## ASSIGNMENT:
Look below for the line with "The School Energy"; begin the copy there and stop after the line with "金南俊被同桌給喊醒了,用手揉了揉眼睛,睡眼惺忪地看著放在自己桌上的東西。", keeping the text exact and the pictures out.

## GIVEN RECORDS:
****************************************

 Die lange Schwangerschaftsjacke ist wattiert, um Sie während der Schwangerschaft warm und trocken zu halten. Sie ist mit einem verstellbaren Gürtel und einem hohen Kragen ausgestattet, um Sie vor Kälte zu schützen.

****************************************

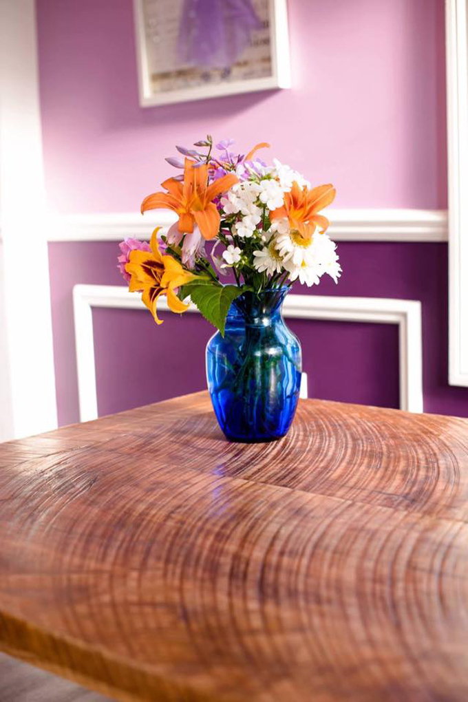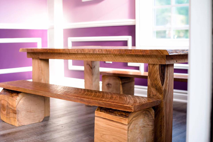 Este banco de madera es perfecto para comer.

****************************************

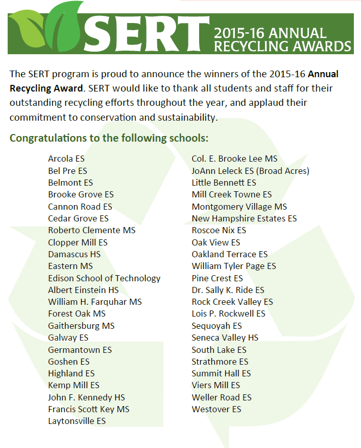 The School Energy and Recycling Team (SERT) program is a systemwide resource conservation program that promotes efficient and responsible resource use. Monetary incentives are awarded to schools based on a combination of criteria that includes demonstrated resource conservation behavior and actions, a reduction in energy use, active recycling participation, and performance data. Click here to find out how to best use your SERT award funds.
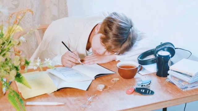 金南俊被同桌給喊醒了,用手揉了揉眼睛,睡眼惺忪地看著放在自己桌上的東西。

****************************************

## THE COMPLETED TASK:
 The School Energy and Recycling Team (SERT) program is a systemwide resource conservation program that promotes efficient and responsible resource use. Monetary incentives are awarded to schools based on a combination of criteria that includes demonstrated resource conservation behavior and actions, a reduction in energy use, active recycling participation, and performance data. Click here to find out how to best use your SERT award funds.
 金南俊被同桌給喊醒了,用手揉了揉眼睛,睡眼惺忪地看著放在自己桌上的東西。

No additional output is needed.